▶ **EXERCISE GOAL**: Look through the listing below for the line containing "中新網(wǎng)6月24日". Copy it and each line after it up to and including the line containing "Add some bling", exactly, leaving out pictures.

▶ **SUPPLIED DATA**:
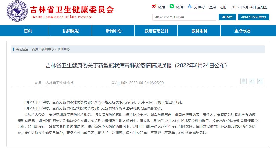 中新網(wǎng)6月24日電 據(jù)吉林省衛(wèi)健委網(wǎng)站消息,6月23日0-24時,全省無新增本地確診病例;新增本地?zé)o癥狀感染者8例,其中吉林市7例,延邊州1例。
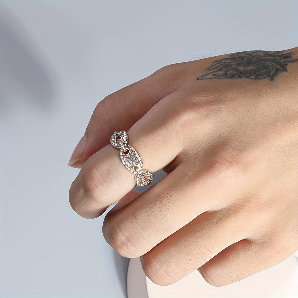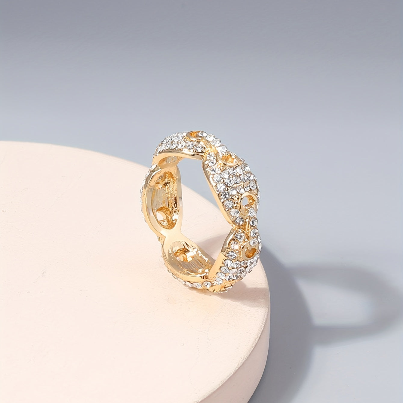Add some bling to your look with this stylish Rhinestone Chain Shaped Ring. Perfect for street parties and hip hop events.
---
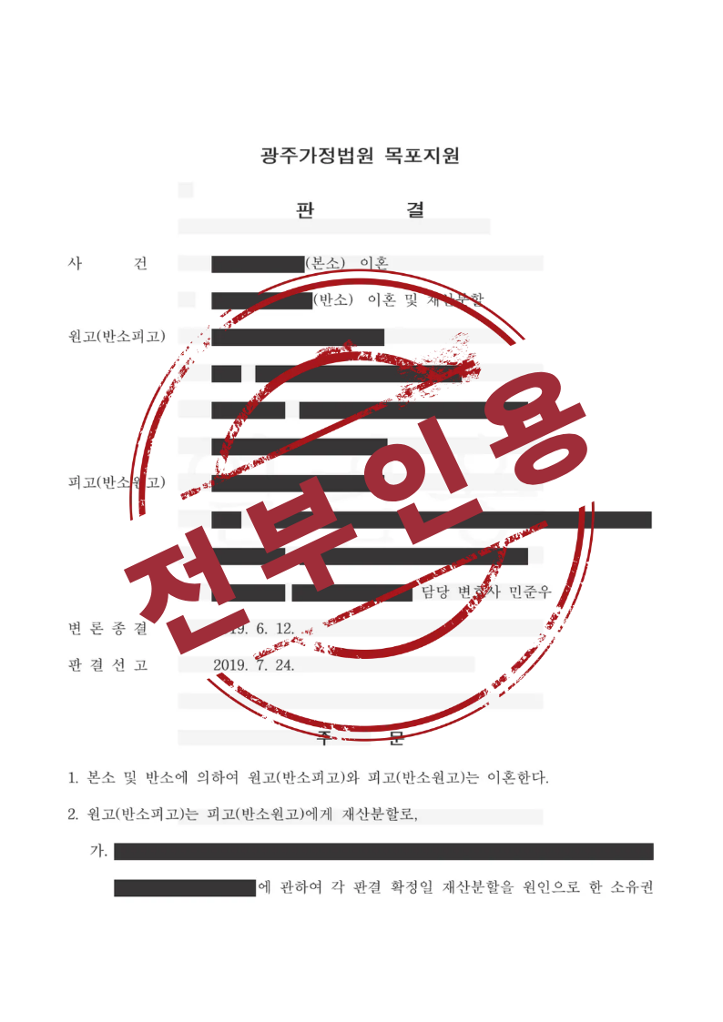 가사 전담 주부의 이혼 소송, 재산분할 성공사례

▶ **TASK RESULT**:
 中新網(wǎng)6月24日電 據(jù)吉林省衛(wèi)健委網(wǎng)站消息,6月23日0-24時,全省無新增本地確診病例;新增本地?zé)o癥狀感染者8例,其中吉林市7例,延邊州1例。
Add some bling to your look with this stylish Rhinestone Chain Shaped Ring. Perfect for street parties and hip hop events.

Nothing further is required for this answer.